Vinte anos após dar os primeiros passos para a estabilização da economia, o ex-ministro da Fazenda do governo Itamar Franco e ex-presidente da República Fernando Henrique Cardoso avalia que o Brasil passa por momento político semelhante ao do lançamento do Plano Real, com anseio por mudanças. FH observa que o plano não foi apenas um conjunto de técnicas para controlar preços, mas um processo educativo que permitiu ao brasileiro entender como a inflação o prejudicava. Em entrevista por e-mail, ele alerta que, embora o país esteja longe do descontrole de preços, a memória inflacionária ainda é um risco.
Ainda existe risco de descontrole de preços?
Sempre existe a possibilidade de descontrole de preços. Como o governo menospreza a busca pela redução da inflação, mesmo que gradual, limitando-se a sugerir que basta não ultrapassar o teto da meta inflacionária, e como há muitos preços represados por decisão governamental, o risco aumenta. Não creio que seja iminente nem que estejamos diante do que aconteceu no passado, mas é preciso mudar a atitude leniente e estar sempre de olho no que já está indexado.
Por que a inflação se mantém acima dos 6%?
Como se viu na época do Real, há um componente de inércia que conta. Já que os preços subiram e vão continuar subindo, na dúvida, façamos um pequeno aumento. São resquícios da memória inflacionária. Além disso, a política monetária sozinha não dá conta de controlar a inflação. É preciso combiná-la com a política fiscal. E o que estamos vendo, às vésperas das eleições, é afrouxamento fiscal.
O Brasil teve a menor taxa de juros de sua História. Por que não se sustentou?
Desde o governo Lula, o mantra é: mais crédito (público) e mais consumo. Houve pouca atenção ao aumento de produtividade e à atração de investimentos produtivos. Houve mais gastos correntes do governo.
Como é possível retomar a confiança dos empresários?
A visão econômica do governo, registrada pelos empresários como inamistosa, cria um clima de pessimismo. Se a isso agregamos os erros na política econômica e a demora, desde o governo Lula, em enfrentar os gargalos da infraestrutura pelo temor do investimento privado, temos a situação atual de baixo crescimento. Não se pode esquecer também da percepção de que o processo educativo é falho e, com isso, a recuperação dos índices de produtividade se torna mais difícil.
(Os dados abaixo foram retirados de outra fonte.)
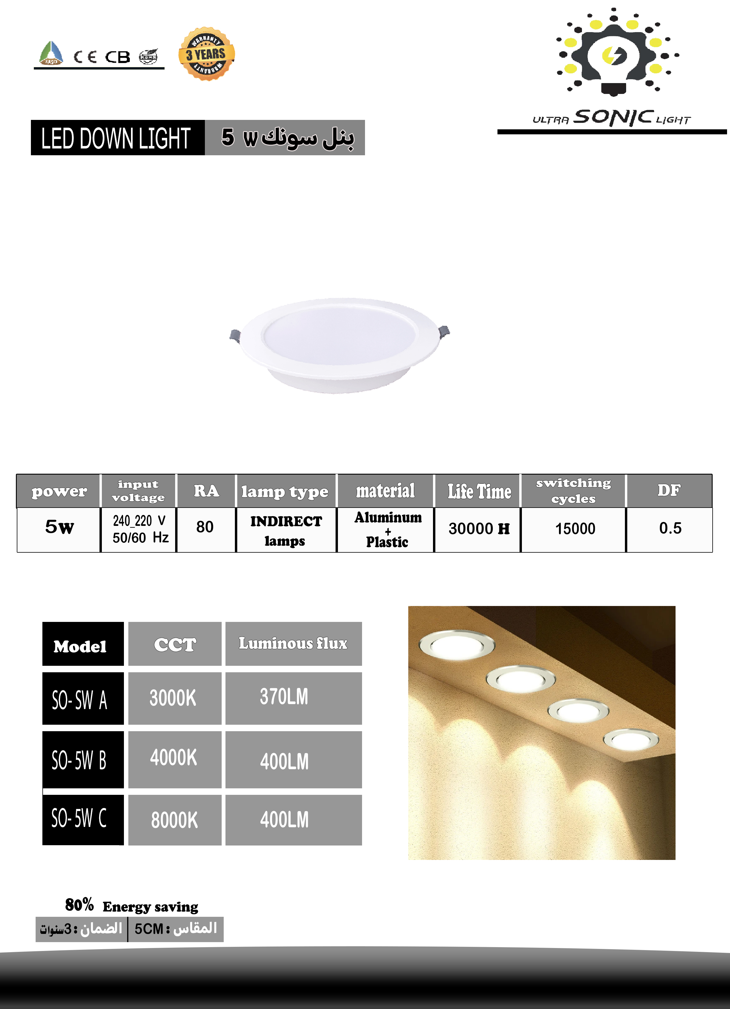 - بنل سونك 5 وات – Downlight LED دائري بجودة عالية وإضاءة قوية موفرة للطاقة 7 سم.

Após duas décadas, quais conquistas se mantêm?
Sem dúvida o Plano Real, que inicialmente era chamado de Plano FHC, marcou uma mudança na vida brasileira que permaneceu: não aceitar a inflação como inevitável e ver que, com ela, não pode haver melhoria real de salário nem, portanto, de bem-estar. O Plano Real não foi apenas um conjunto de técnicas de controle da inflação. Foi um processo educativo que permitiu ao povo entender como a inflação o prejudicava. Deu condições a governos e empresários de maior previsibilidade para gastos e investimentos. O ajuste econômico foi feito sem perdas, mas com ganhos, para assalariados. Estes objetivos permanecem na mente de todos.
Redistribuição de renda e diminuição da pobreza, com Lula e Dilma, foram complementos ao Real?
A preocupação com salários e bem-estar veio antes dos governos Lula e Dilma. Desde o governo Itamar e do meu, o movimento na direção de melhor distribuição de renda, redução da pobreza e melhores condições de vida estiveram presentes. As conjunturas eram mais adversas, sobretudo as internacionais. Entretanto, o sentido de melhoria veio com o Plano Real. Perder estes ganhos com a aceitação implícita da inflação é erro óbvio de condução da política econômica, que leva à perda da confiança dos empresários e à “estagflação” (crescimento baixo e inflação alta), na qual já estamos. Com o tempo, levará a perdas sociais.